The Synagogues of Dublin:
9, Camden Street Synagogue

The synagogue at 52 Lower Camden Street in the Portobello area of Dublin was founded in 1892 and continued until 1916 (Photograph: Patrick Comerford, 2019)

Patrick Comerford

The new Jewish immigrants fleeing Poland, Russia and the Baltics who arrived in Dublin in the 1880s and 1890s, settled mainly around Clanbrassil Street and Portobello, and formed their own small congregations or hebroth in an area that would soon become known as ‘Little Jerusalem’.

These new hebroth in ‘Little Jerusalem included shuls in Saint Kevin’s Parade (1883), Oakfield Place (1885), Lennox Street (1887), Heytesbury Street (1891), Lombard Street (1893), and Camden Street (1892).

According to Louis Hyman in The Jews of Ireland, the shul founded at 52 Lower Camden Street in 1892 was one these many hebroth established in this area by the recent immigrants from Lithuania and Poland.

The Camden Street hebra was established in 1892 by Myer Joel Wigoder from Lithuania. Within three years, the synagogue had 90 seat-holders or subscribing members in 1895.

The plaque at Concern’s Head Office at 52 Lower Camden Street remembers the building’s past as a synagogue and union offices (Photograph: Patrick Comerford, 2019)

In 1912, No 52 also became the offices of the International Tailors’, Machiners’ and Pressers’ Union, also known for a time as ‘The Jewish Union.’

The trade union historian Manus O’Riordan has traced Irish-Jewish involvement in the labour movement back to 1908, when Yiddish immigrants formed this union.

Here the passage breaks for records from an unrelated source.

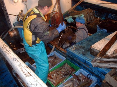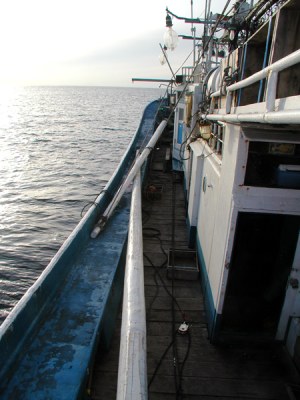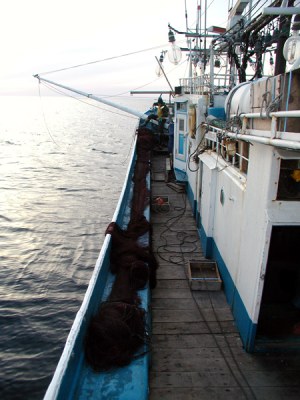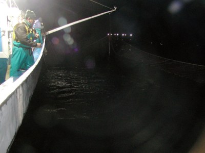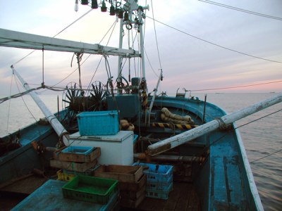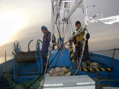 投網1:漁場には出港後20分位で到着します。船尾側のアンカーで船を固定します。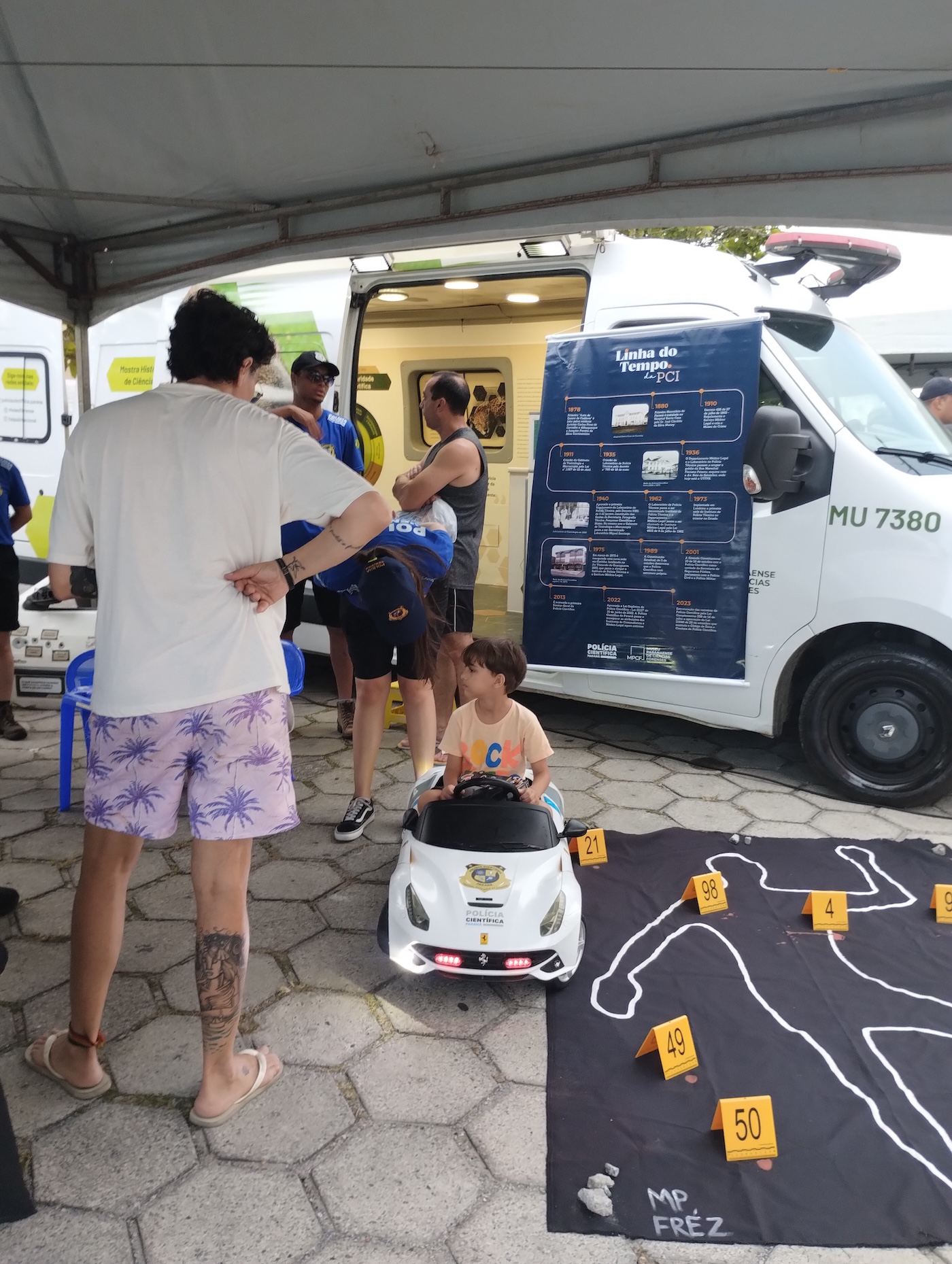 Entre os destaques estão a viatura expositiva, onde os visitantes podem entrar e conhecer de perto equipamentos utilizados pela perícia, e a arqueologia forense, com uma escavação lúdica que permite ao público simular a localização de ossos, utilizando protótipos educativos.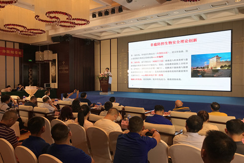 会议由国家生猪产业技术创新战略联盟副理事长、湖南畜禽安全生产协同创新中心常务副主任贺喜教授主持,项目首席专家文利新代表团队(董伟副教授、谢小红等)介绍了在非洲猪瘟防控生物安全关键技术创新取得的原创成果。团队创新和发展了生物安全理论,提出新生物安全观和贴膜原理,文利新将新生物安全观形象地比喻为古代的城池攻防守卫战,即绝大多数病毒侵入机体需要与黏膜细胞的病毒受体结合才能进入,而非瘟病毒只感染猪,且主要通过咽喉部和消化道粘膜入侵,说明非瘟病毒有开启猪机体的“钥匙”,因此,给黏膜表面贴上非特异性(护城河)或特异性防护膜(城门),阻断或干拢病毒与黏膜表面受体的结合(守住城门)是高效防控病毒性疫病最有效手段。p72和P54蛋白是非洲猪瘟病毒(ASFV)的主要结构蛋白和强免疫原性蛋白,参与病毒对靶细胞的吸附与进入,文利新团队以上述理论为指导,将免疫原性蛋白P72和P54的基因克隆,制成重组乳酸菌,然后利用重组乳酸菌精准表达P72和P54蛋白,制成黏膜感染阻断剂,通过口服,与咽喉和消化道黏膜表面的受体特异性结合,封闭非瘟病毒受体的结合位点,形成生态占位,从而有效阻断病毒入侵。课题组在长沙市科技创新创业领军人才专项的支持下,开展了中试田间试验,在全国近百个猪场数万头母猪和20多万头育肥猪开展稳产、复产以及精准清除、迅速扑灭疫情方面取得较好效果,受到养殖户普遍欢迎。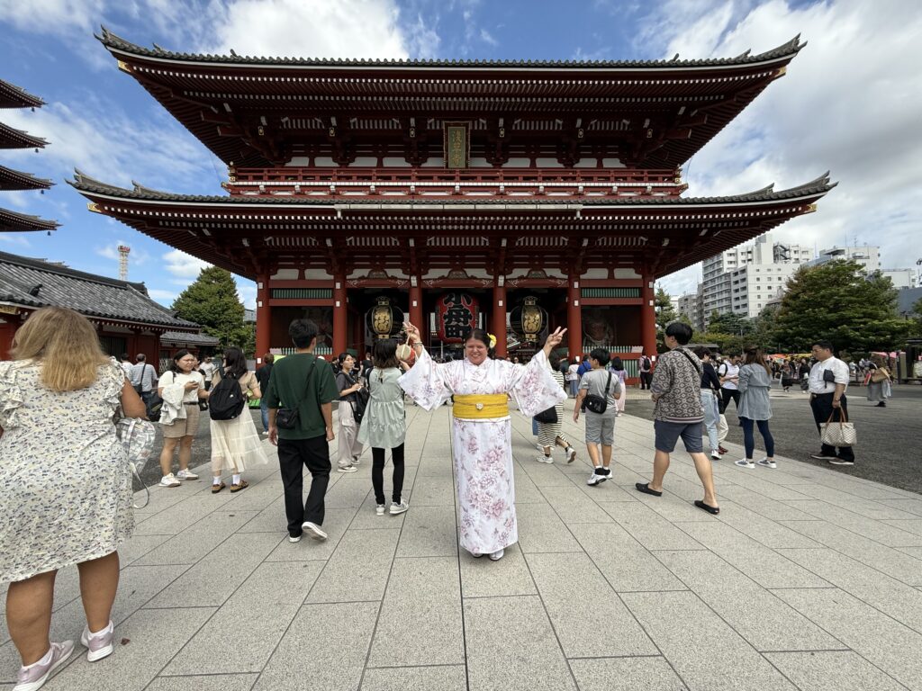 Just a short walk away from Senso-Ji Temple is a nearby Kimono rental storefront called Yae. It was about $50 for an all day kimono rental plus hairdo. These make great photos at the temple! Men outfits are also available.
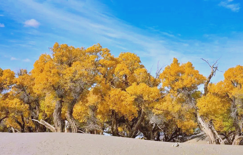 胡杨(学名:Populus euphratica),又称胡桐(汉书)、英雄树、异叶胡杨、异叶杨、水桐、三叶树, 是杨柳科杨属胡杨亚属的一种植物,常生长在沙漠中,它耐寒、耐旱、耐盐碱、抗风沙,有很强的生命力。这是一个神奇的树种,它的生长总是和凤凰与鲜血紧密相连。这是一个多变的树种,春夏为绿色,深秋为黄色,冬天为红色。这是一个坚强的树种,“胡杨生而千年不死,死而千年不倒,倒而千年不朽”。胡杨是生长在沙漠的唯一乔木树种,且十分珍贵,可以和有“植物活化石”之称的银杏树相提并论。它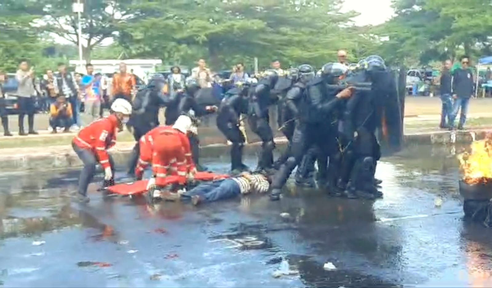 Kerusuhan tersebut merupakan operasi Mantap Praja Lodaya 2024 yang menjadi salah satu rangkaian simulasi pengamanan Pilkada serentak yang digelar oleh TNI Polri di Gelora Banjar Patroman, Selasa (6/8/2024). Simulasi melibatkan seluruh elemen masyarakat.

It was registered as a trade union in 1909, and organised its first strike that year, involving only Jewish employers. Philip Sayers, an active member of the community, negotiated a settlement.

Three years later, when the union membership had expanded and included Christians, it organised another strike against exploitative employers of all faiths.

The union moved its offices from 11 York Street to 52 Lower Camden Street in 1912, sharing the premises of the Camden Street Synagogue.

Harry Levitas from the Lithuanian shtetl of Akmeyan and Leah Rick from the Latvian capital of Riga were married in the Camden Street Synagogue in 1914. Harry had fled from Lithuania and Leah had fled from Latvia in 1913. Both were escaping the anti-semitic pogroms of Tsarist Russia; they met in Dublin and were married in August 1914.

Harry was a prominent activist in the Amalgamated Jewish Tailors’, Machinists’ and Pressers' Union. When he was blacklisted by employers, the family was forced to move to Glasgow in 1927.

Their eldest son, Max Samuel Levitas (Motl Shmuel ben Hillel), who was born at 15 Longwood Avenue in June 1915. He later took part in the Battle of Cable Street on 4 October 1936, he was a Communist councillor in Stepney for 15 years.

Max delivered his last public speech in October 2016, at the age of 101, at the 80th anniversary commemorations of the Battle of Cable Street. He was still active in political causes when he died last year at the age of 103 on 2 November 2018. He was buried in Rainham Jewish Cemetery.

His brother, Maurice (‘Morry’) Levitas (1917-2001) was born at 8 Warren Street. He was a veteran of the Connolly Column in the International Brigade in the Spanish Civil War. He took part in the commemoration of the Connolly Column in Liberty Hall in 1991, when he was chosen to read out the list of members. He also attended a ceremony hosted by the Lord Mayor in the Mansion House in 1997 to honour the surviving Irish members of the International Brigade. He died in London in 2001.

However, on the other side of Europe, Harry’s sister Sara was burnt to death along with fellow-villagers in the synagogue of Akmeyan, and Leah’s sister Rachel was killed with her family by the Nazis in Riga.

Meanwhile, the Camden Street Synagogue closed in 1916. The building later became part of the headquarters of Concern International and in 2002 Max Levitas was invited to unveil a plaque on the building celebrating its links with both Dublin’s Jewish community and the trade union movement.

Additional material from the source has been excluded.